··· SUPPLIED INFORMATION

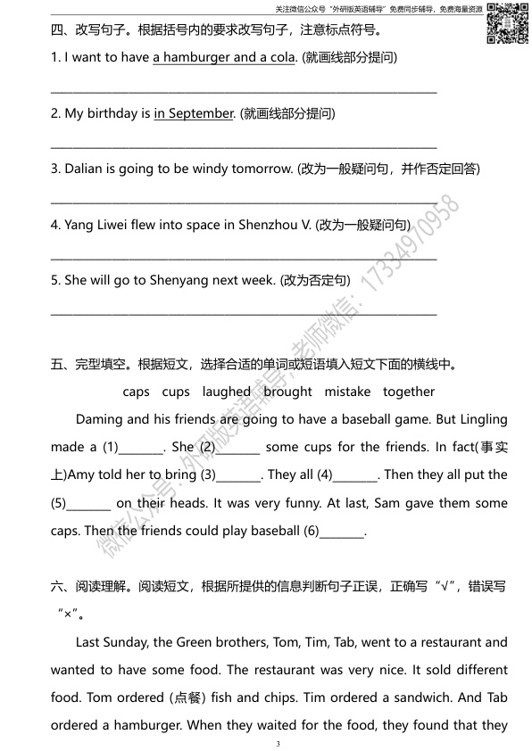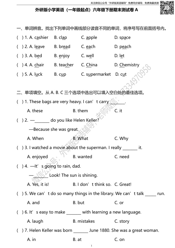 下一篇:外研版一起点六年级下册期末测试卷2及答案
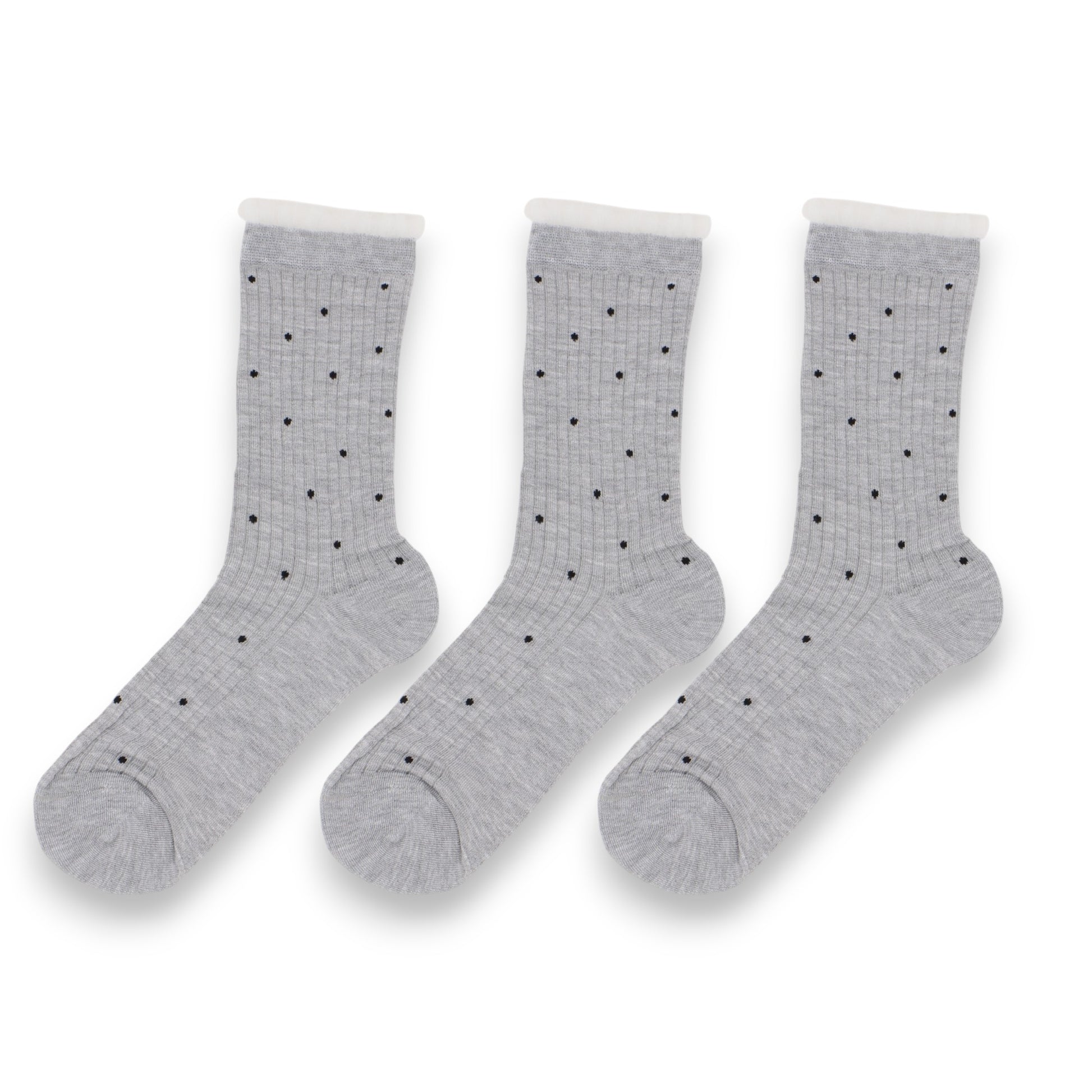 3-Pack Women's Crew Socks with Ribbed Texture and Allover Polka Dot Pattern
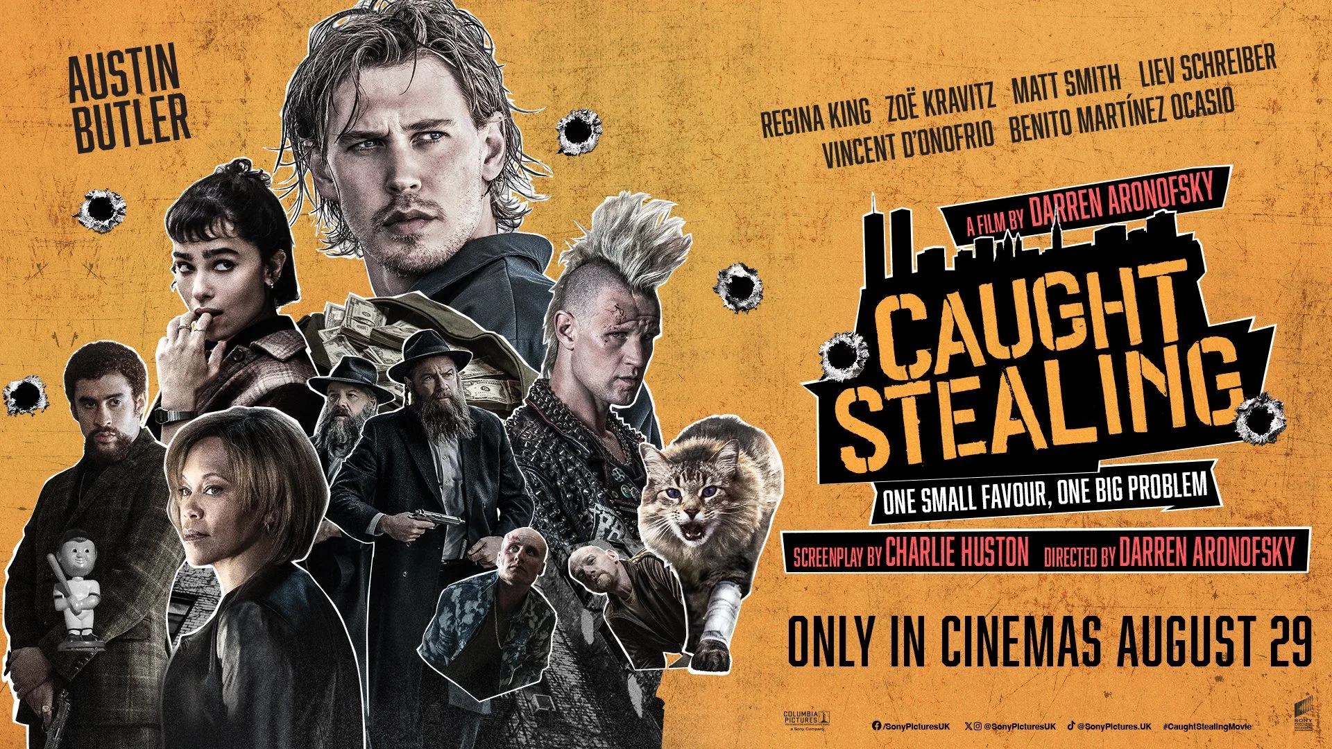 Caught Stealing is directed by Academy Award® nominee Darren Aronofsky, screenplay by Charlie Huston, based on his book of the same name. The film stars Austin Butler, Regina King, Zoë Kravitz, Matt Smith, Liev Schreiber, Vincent D’Onofrio, Griffin Dunne, Benito A Martínez Ocasio, and Carol Kane.

······

Where the material above includes pictures, omit them and retype everything else exactly.

= SOLVED EXERCISE =
 下一篇:外研版一起点六年级下册期末测试卷2及答案
 3-Pack Women's Crew Socks with Ribbed Texture and Allover Polka Dot Pattern
 Caught Stealing is directed by Academy Award® nominee Darren Aronofsky, screenplay by Charlie Huston, based on his book of the same name. The film stars Austin Butler, Regina King, Zoë Kravitz, Matt Smith, Liev Schreiber, Vincent D’Onofrio, Griffin Dunne, Benito A Martínez Ocasio, and Carol Kane.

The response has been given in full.